• Tue
  • Dec 23, 2014
  • Updated: 12:25pm

Lai See

PUBLISHED : Wednesday, 25 July, 2012, 12:00am
UPDATED : Wednesday, 25 July, 2012, 12:00am
 

Kids wheezing Down Under - what about those in HK?

There is less than cheery news from Australia on the subject of air pollution and child health.

A national study of 2,860 primary school children found nitrogen dioxide (NO{-2}), found in motor vehicle exhaust, was present in the lungs of two-thirds of the children from the 55 schools tested, according to Melbourne's The Age newspaper. Researchers found that vehicle pollution is giving otherwise healthy children asthma-like symptoms, potentially affecting their lung growth and function.

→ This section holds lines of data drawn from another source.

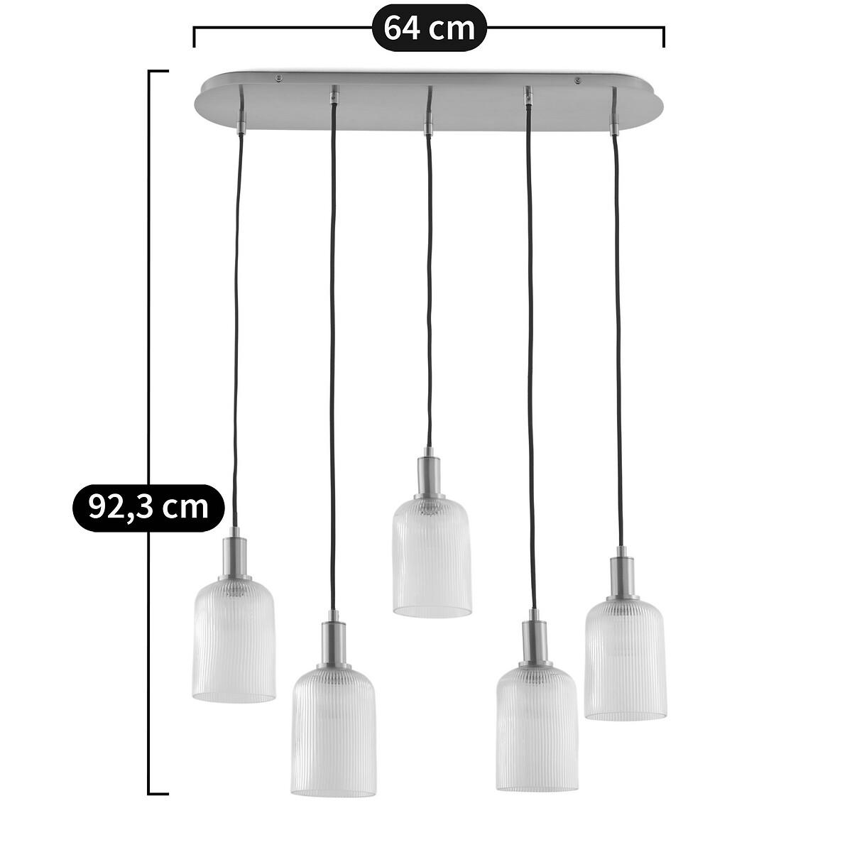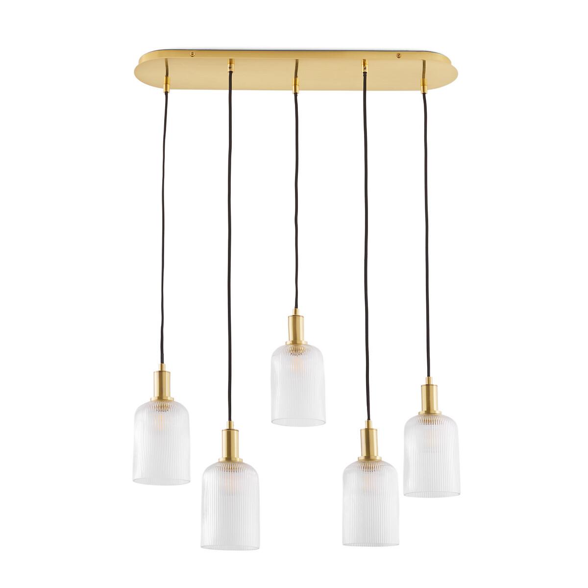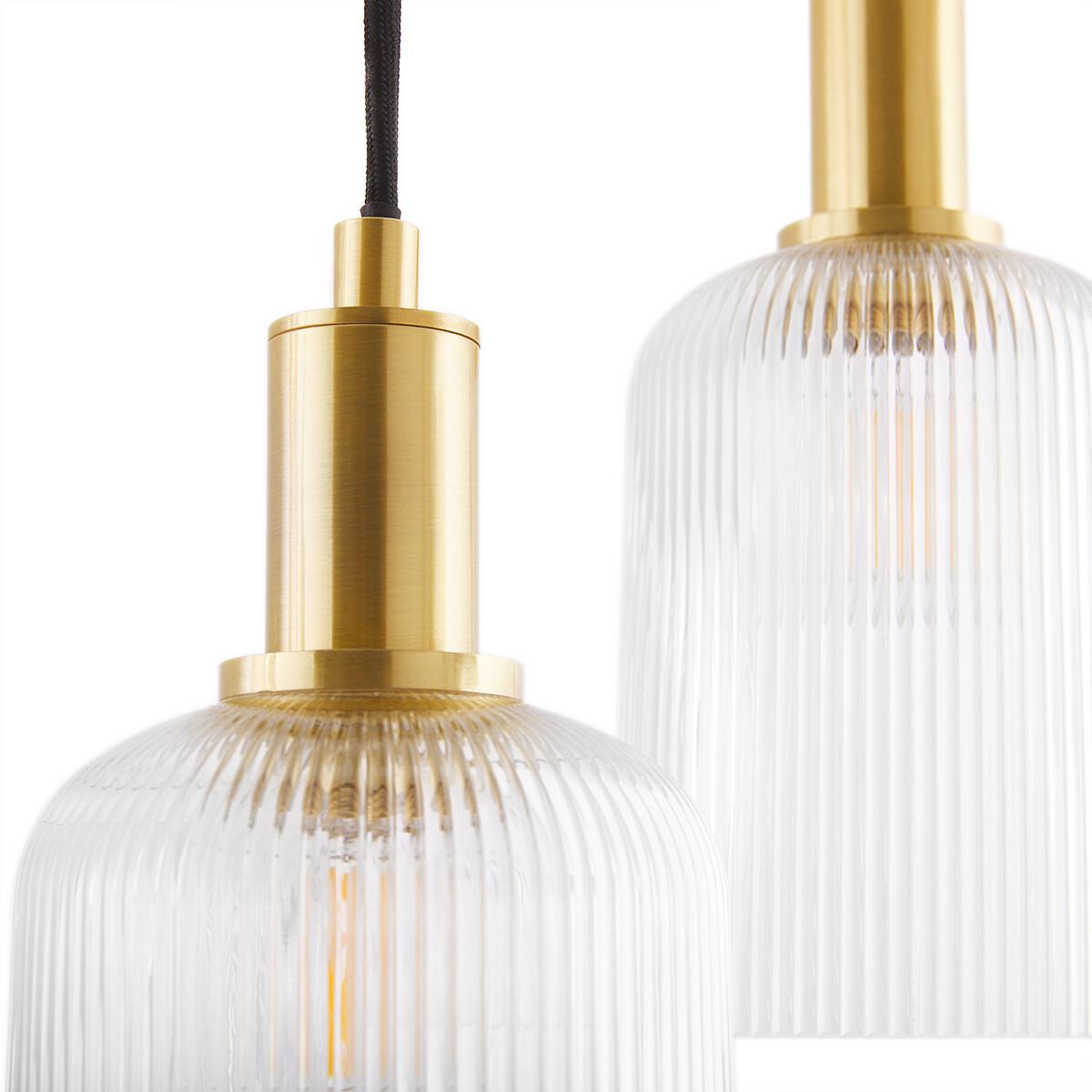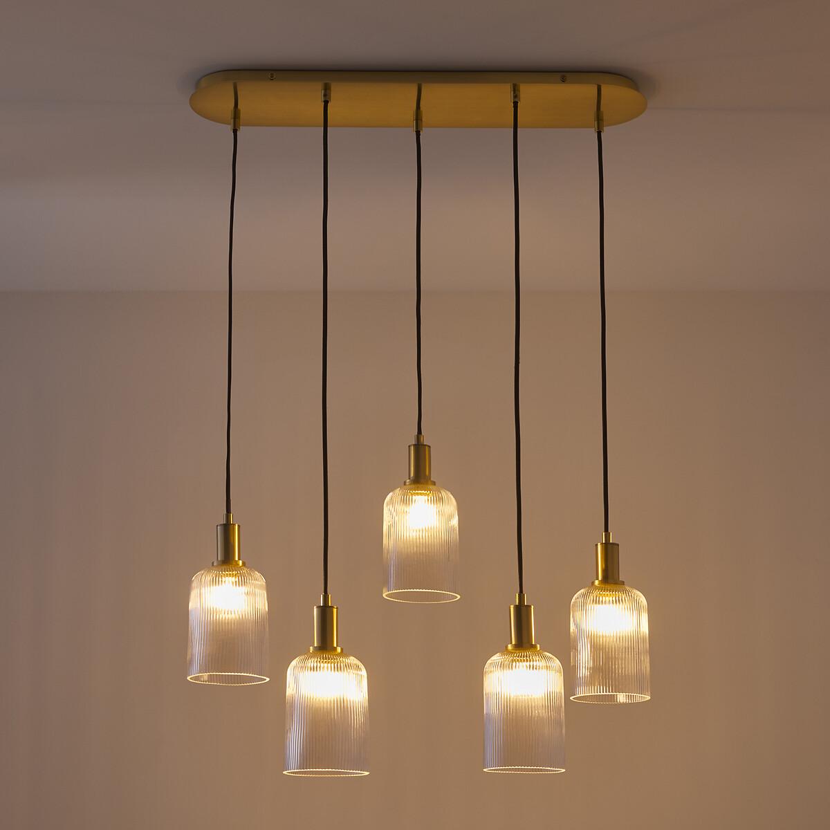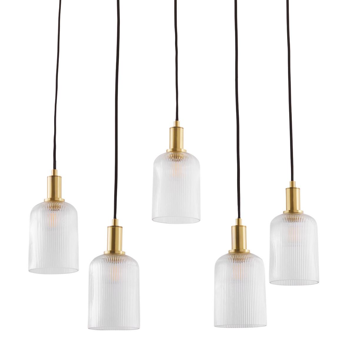 You'll be charmed by this pendant light which combines striated glass and brass for an antique feel! A pendant lamp with multiple light fixtures, its vintage chic will put a smile on your face. Product Details • Brass-finish iron structure and textured glass lampshade • E14 socket for compact fluorescent bulb, 8W max (not supplied) • Compatible with energy saving bulbs classes: A Dimensions • Length: 64cm • Height: 92.3cm Shop the full lighting collection online. Dimensions and weight of parcel1 parcel • 29 x 22 x 67.5cm • 5.2kg
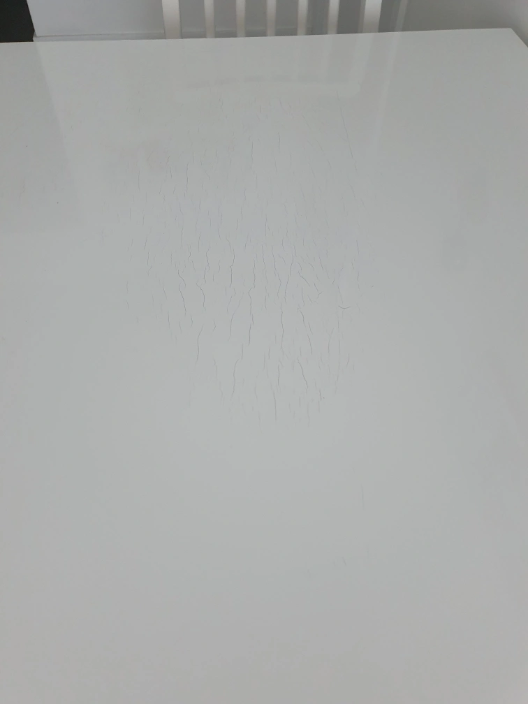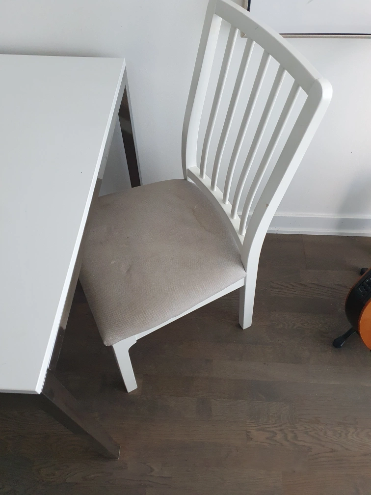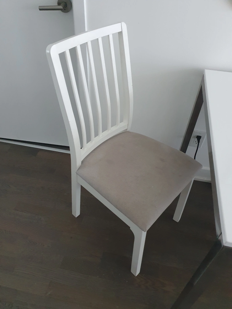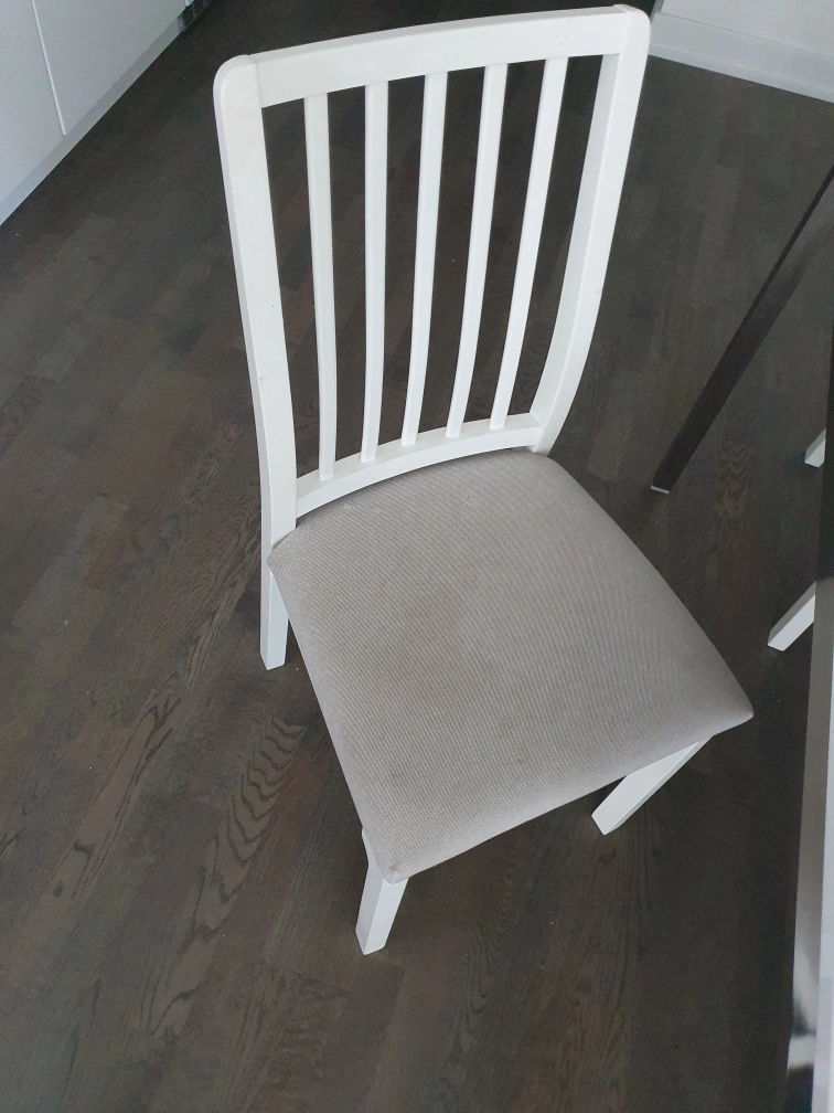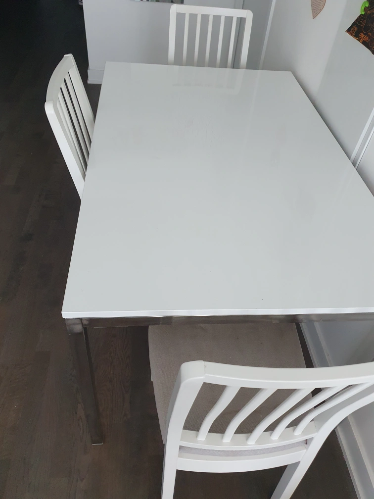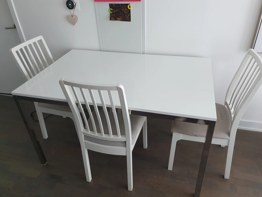 53White dining table with 3 chairs. The chairs are upholstered in a grey fabric few small stains butnin good condition. The table has a white laminate top with a chrome base. Some wear and tear on table top but othwrwise in great condition. Will sell the whole set for $80
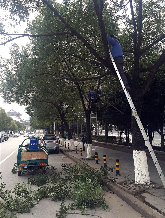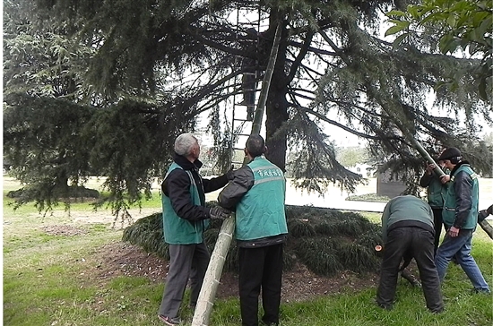 20日一大早,市城管执法局园林管理处的工作人员就在全市各公园、隔离绿化带上忙开了,他们用麻绳、竹竿对全市存在安全隐患的200多株雪松、塔柏等浅根性的苗木进行加固;对龙川中路、金城路等路段430多株枝叶茂密的行道树在不改变树木原状的前提下,进行再次疏空,并及时剪下树木枯死枝、病虫枝、风折枝,防止大雪来时,积雪压断树枝砸伤路人。

In cases where NO{-2} was found, children experienced ''asthma-like'' symptoms, including wheezing. Their lung volume was reduced and their airways inflamed.

The study found that NO{-2} exposure was not producing typical asthma but a non-specific lung effect that did not improve with asthma medication.

The National Environment Protection Council commissioned the Australian Child Health and Air Pollution Study and noted that air pollution has a greater impact on children than adults.

Interestingly, that kind of report could not be produced in Hong Kong under the present structure of the Environmental Protection Department. So far as air pollution is concerned it just measures emissions and has no remit to concern itself with public health.

That is the concern of the Department of Health, which likewise does not concern itself with emissions. This is all part of the emasculation of the EPD that has occurred over the past decade. Critics argue that the EPD should have a clear public health remit.

It would be an interesting test of the government's complacency over air pollution to conduct a similar survey on the health of children in Hong Kong.

From the sublime to the ridiculous

Government complacency over air quality and its effect on the population is matched by absurdity elsewhere.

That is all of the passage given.